Warning: SQL string literals use single quotes'hello'. Double quotes are used for identifiers (table names, column names) when they contain spaces or uppercase letters: "User". Mixing them up causes confusing errors. In PostgreSQL, SELECT "name" selects the column named name, while SELECT 'name' returns the literal string name for every row.
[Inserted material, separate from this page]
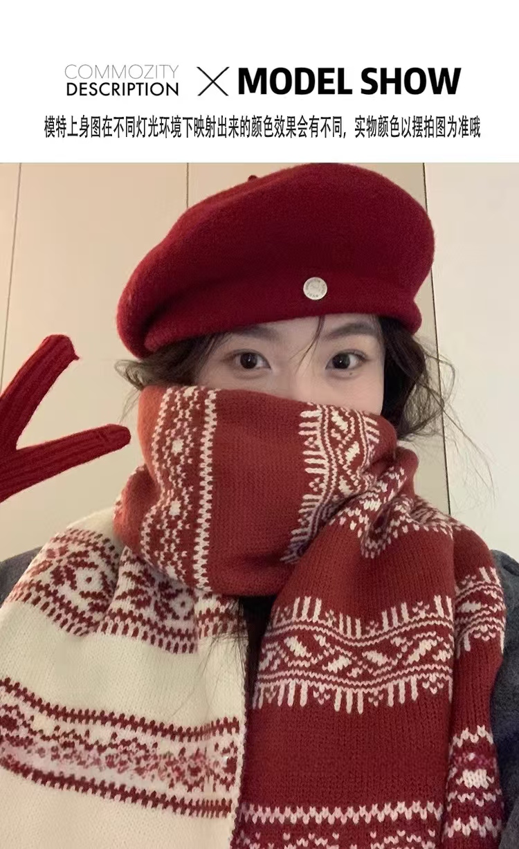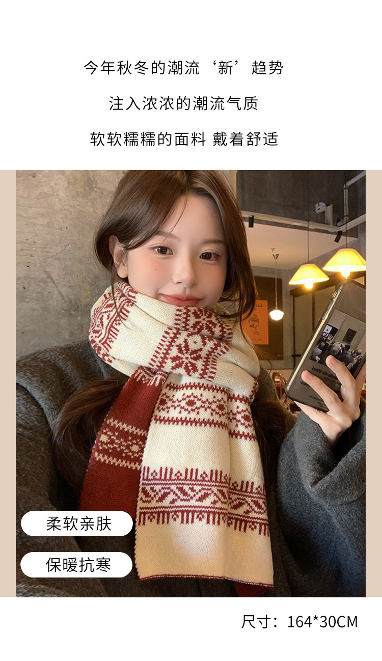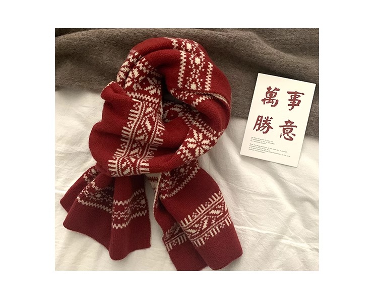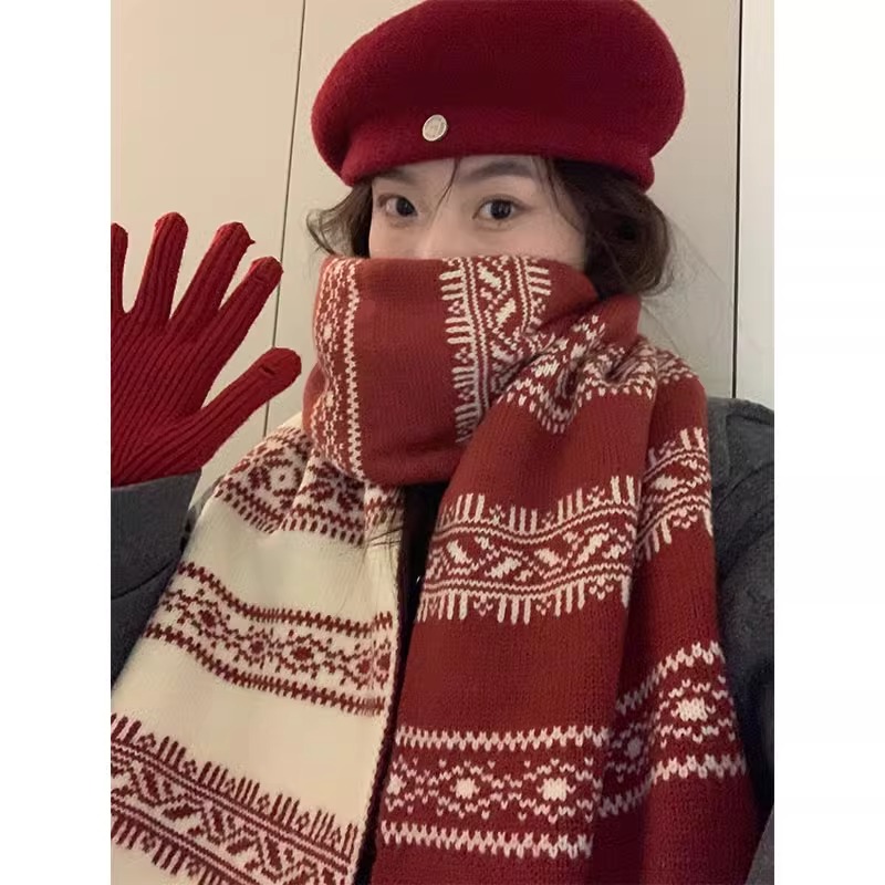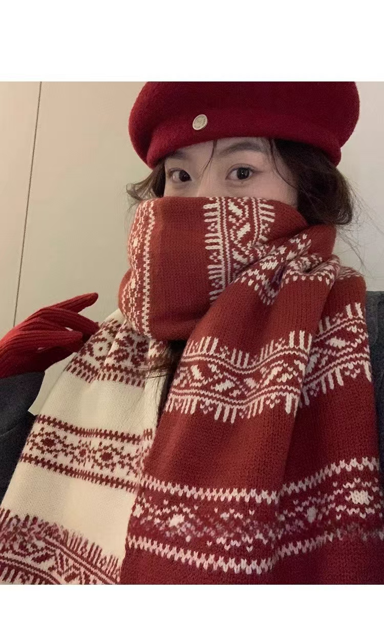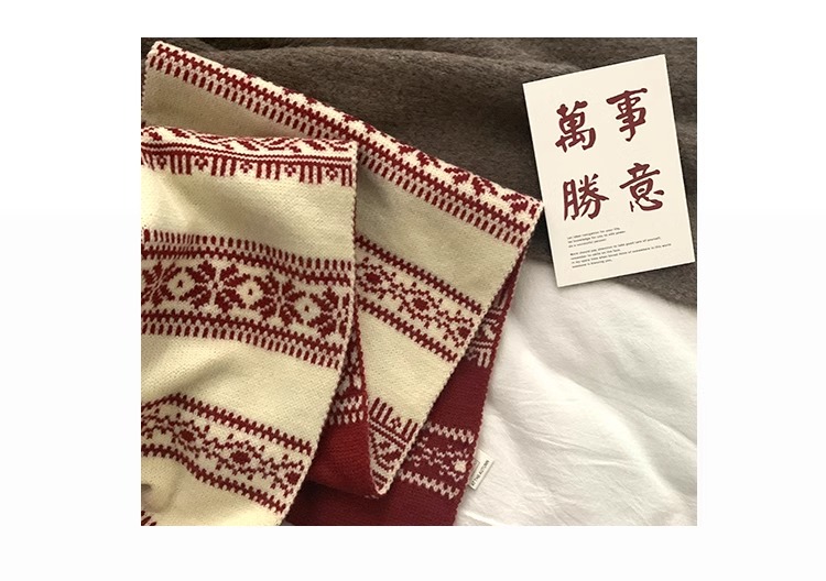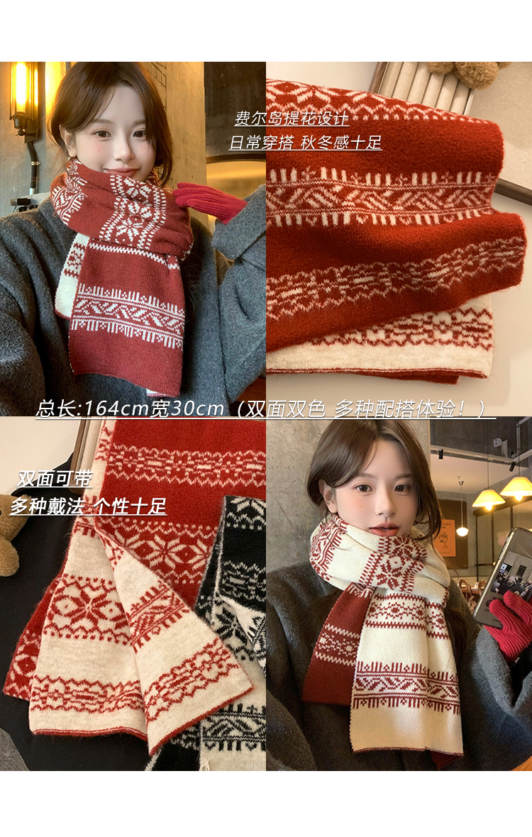 费尔岛风新年红双面针织羊绒围巾 女冬季氛围感百搭披肩保暖围脖

Never use double quotes for string values.

DISTINCT — Remove Duplicate Rows

-- All roles, including duplicates
SELECT role FROM users;
-- user, admin, user, editor, user, user, admin

-- Only unique roles
SELECT DISTINCT role FROM users;
-- user, admin, editor

-- DISTINCT ON — keep first row per unique value of the specified column
-- (useful for "latest post per user" type queries)
SELECT DISTINCT ON (author_id)
    id, author_id, title, created_at
FROM posts
ORDER BY author_id, created_at DESC;
-- Returns the most recent post for each author

Column Expressions and Type Casting

-- String operations
SELECT
    name,
    LOWER(email)                        AS email_lower,
    TRIM(name)                          AS name_trimmed,
    SUBSTRING(name FROM 1 FOR 5)        AS first_5_chars,
    CONCAT(name, ' <', email, '>')     AS display_name,
    name || ' — ' || role               AS name_role    -- || is string concat
FROM users;

-- Numeric operations
SELECT
    id,
    view_count,
    view_count * 1.0 / 1000             AS views_in_thousands,
    ROUND(view_count / 1000.0, 2)       AS views_rounded
FROM posts;

-- Date operations
SELECT
    id,
    created_at,
    NOW() - created_at                  AS age,
    DATE_PART('year', created_at)       AS year_created,
    TO_CHAR(created_at, 'YYYY-MM-DD')   AS created_date
FROM posts;

-- Type casting
SELECT
    id::TEXT                            AS id_as_string,
    view_count::FLOAT / 100             AS percentage,
    CAST(created_at AS DATE)            AS date_only
FROM posts;

LIMIT and OFFSET — Pagination

-- Get the first 10 rows
SELECT id, title FROM posts LIMIT 10;

-- Pagination: page 1 (rows 1–10)
SELECT id, title, created_at
FROM posts
ORDER BY created_at DESC
LIMIT 10 OFFSET 0;

-- Page 2 (rows 11–20)
SELECT id, title, created_at
FROM posts
ORDER BY created_at DESC
LIMIT 10 OFFSET 10;

-- Page n formula: OFFSET = (page_number - 1) * page_size
-- Page 3 with 20 per page:
SELECT id, title FROM posts
ORDER BY id
LIMIT 20 OFFSET 40;   -- OFFSET = (3 - 1) * 20 = 40

Common Mistakes

Mistake 1 — Using SELECT * in application code

❌ Wrong — fetches all columns including large unused ones:

SELECT * FROM posts;   -- fetches body (may be megabytes) even if you only need title

✅ Correct — select only needed columns:

SELECT id, title, status, created_at FROM posts;   -- ✓

Mistake 2 — Forgetting ORDER BY with LIMIT/OFFSET

❌ Wrong — results in undefined, inconsistent order:

SELECT id, title FROM posts LIMIT 10;   -- different rows each time without ORDER BY!

✅ Correct — always specify ORDER BY when paginating:

SELECT id, title FROM posts ORDER BY created_at DESC LIMIT 10;   -- ✓

Mistake 3 — Using double quotes for string values

❌ Wrong — double quotes mean identifier, not string:

SELECT id FROM users WHERE email = "alice@example.com";
-- ERROR: column "alice@example.com" does not exist

✅ Correct — single quotes for string literals:

SELECT id FROM users WHERE email = 'alice@example.com';   -- ✓

Quick Reference

Pattern SQL
All columns SELECT * FROM table
Named columns SELECT col1, col2 FROM table
Column alias SELECT col AS alias FROM table
Remove duplicates SELECT DISTINCT col FROM table
Limit results SELECT ... LIMIT n OFFSET m
String concat col1 || ' ' || col2
Type cast col::type or CAST(col AS type)

🧠 Test Yourself

You query SELECT id, title FROM posts LIMIT 10 without ORDER BY. On the first request you get posts 1–10. On the second request after a new post is inserted, what might you get?